Recorded information ▸
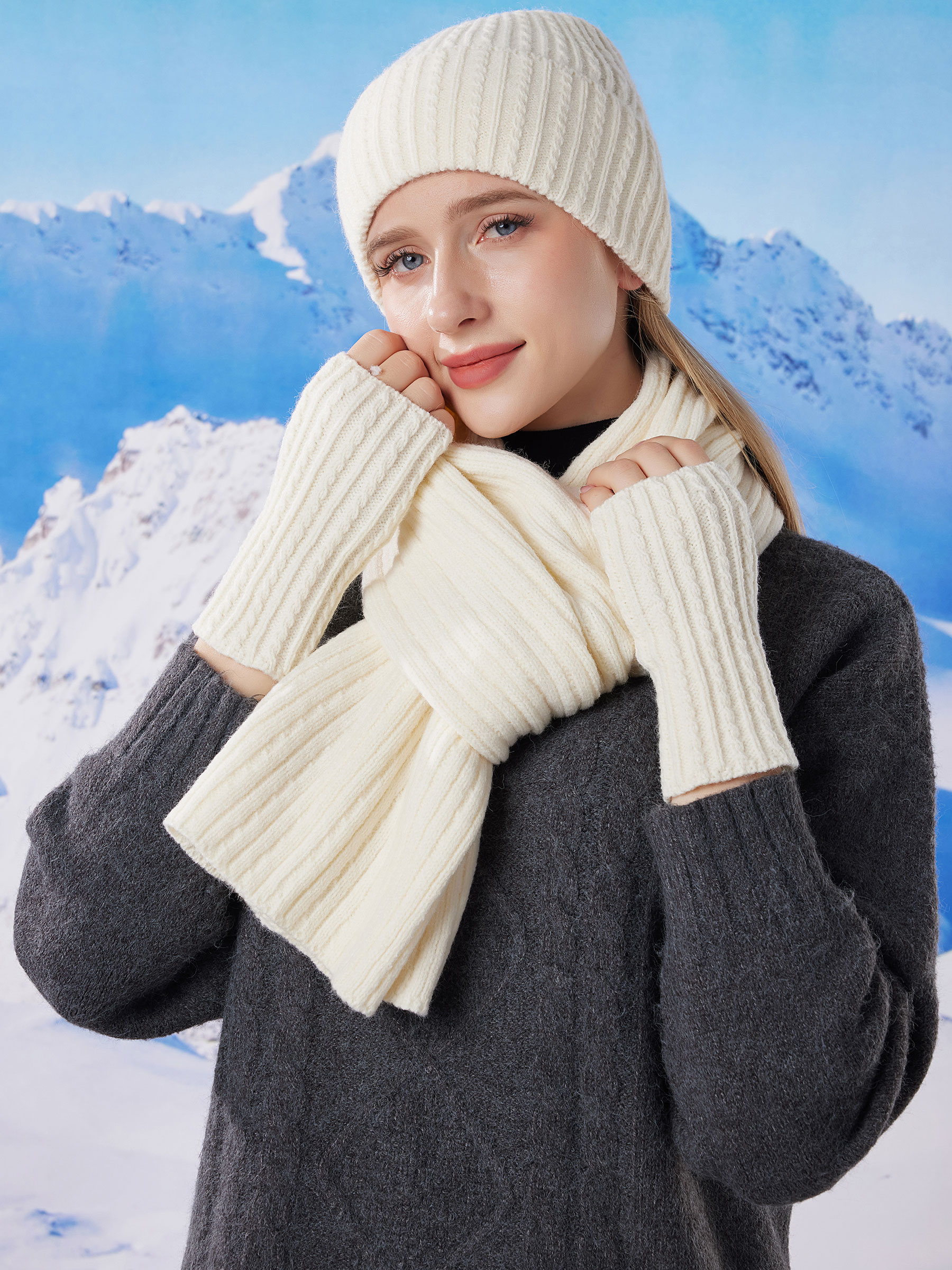Set di tre pezzi in maglia a coste composto da berretto, sciarpa e guanti senza dita.
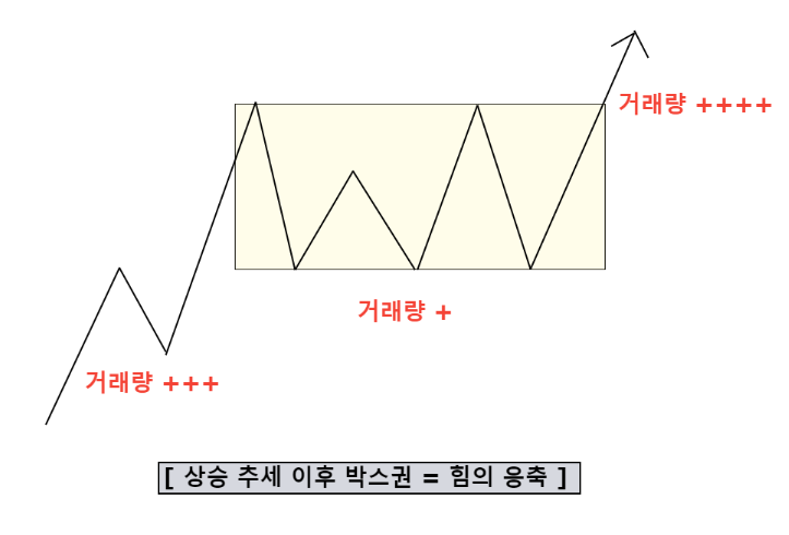 보통 거래량 밀집구간에서의 박스는 힘을 응축하는 자리라고 볼 수 있다.
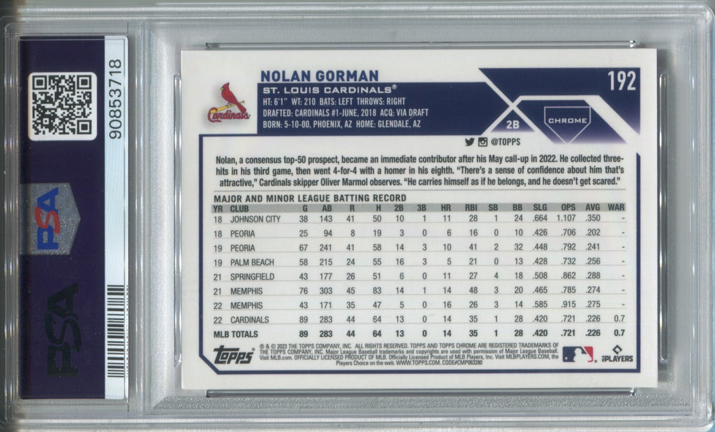 2023 Nolan Gorman Topps Chrome Logofractor ROOKIE PINK REFRACTOR 038/199 RC PSA 10 #192 St. Louis Cardinals 3718
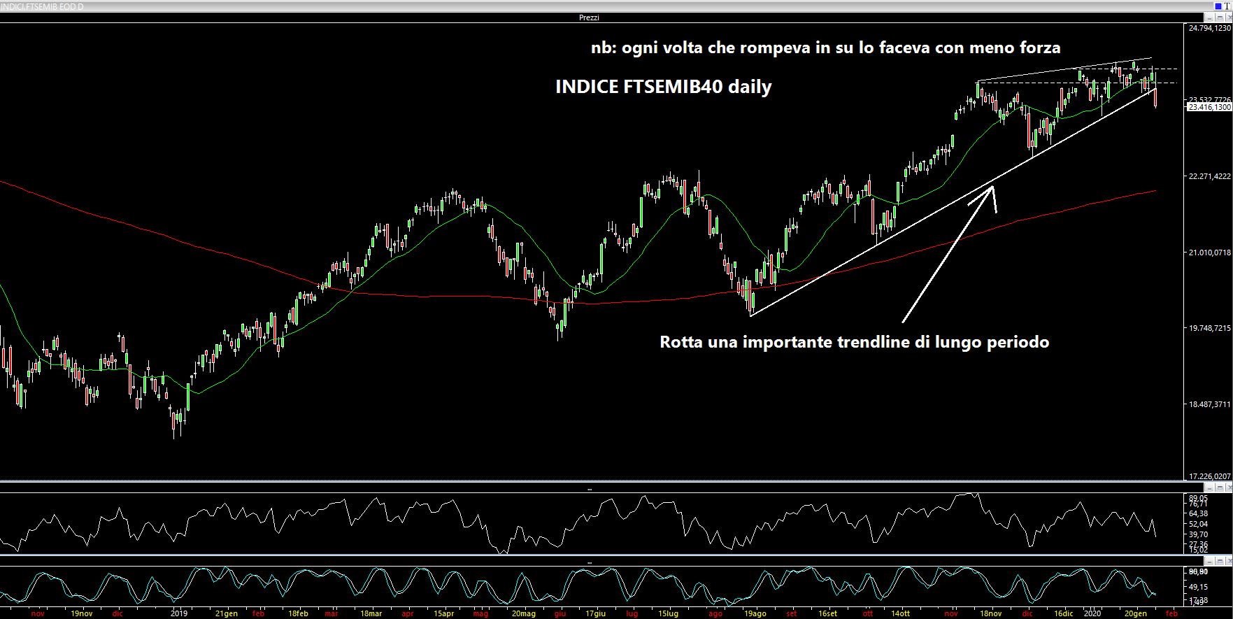 Sul chart daily è palesemente visibile la rottura decisa di una trendline dinamica che ha guidato tutto il rialzo da Agosto 2019 ad oggi e che spesso Vi ho mostrato nel consueto aggiornamento del fine settimana. Cosa aspettarsi ora? Come già scritto più volte da fine dicembre ad oggi, la ciclicità "impone" un assestamento sugli indici americani (quindi per la proprietà transitiva anche sulle altre Borse). Per assestamento non intendo necessariamente una inversione di trend ma semplicemente un movimento che permetta l'uscita di molti operatori long e possa favorire una netta diminuzione di questa fase di eccessiva compiacenza sui mercati.

Task goal ▸
Reproduce the listing exactly, minus its pictures.

Answer to the problem ▸
Set di tre pezzi in maglia a coste composto da berretto, sciarpa e guanti senza dita.
 보통 거래량 밀집구간에서의 박스는 힘을 응축하는 자리라고 볼 수 있다.
 2023 Nolan Gorman Topps Chrome Logofractor ROOKIE PINK REFRACTOR 038/199 RC PSA 10 #192 St. Louis Cardinals 3718
 Sul chart daily è palesemente visibile la rottura decisa di una trendline dinamica che ha guidato tutto il rialzo da Agosto 2019 ad oggi e che spesso Vi ho mostrato nel consueto aggiornamento del fine settimana. Cosa aspettarsi ora? Come già scritto più volte da fine dicembre ad oggi, la ciclicità "impone" un assestamento sugli indici americani (quindi per la proprietà transitiva anche sulle altre Borse). Per assestamento non intendo necessariamente una inversione di trend ma semplicemente un movimento che permetta l'uscita di molti operatori long e possa favorire una netta diminuzione di questa fase di eccessiva compiacenza sui mercati.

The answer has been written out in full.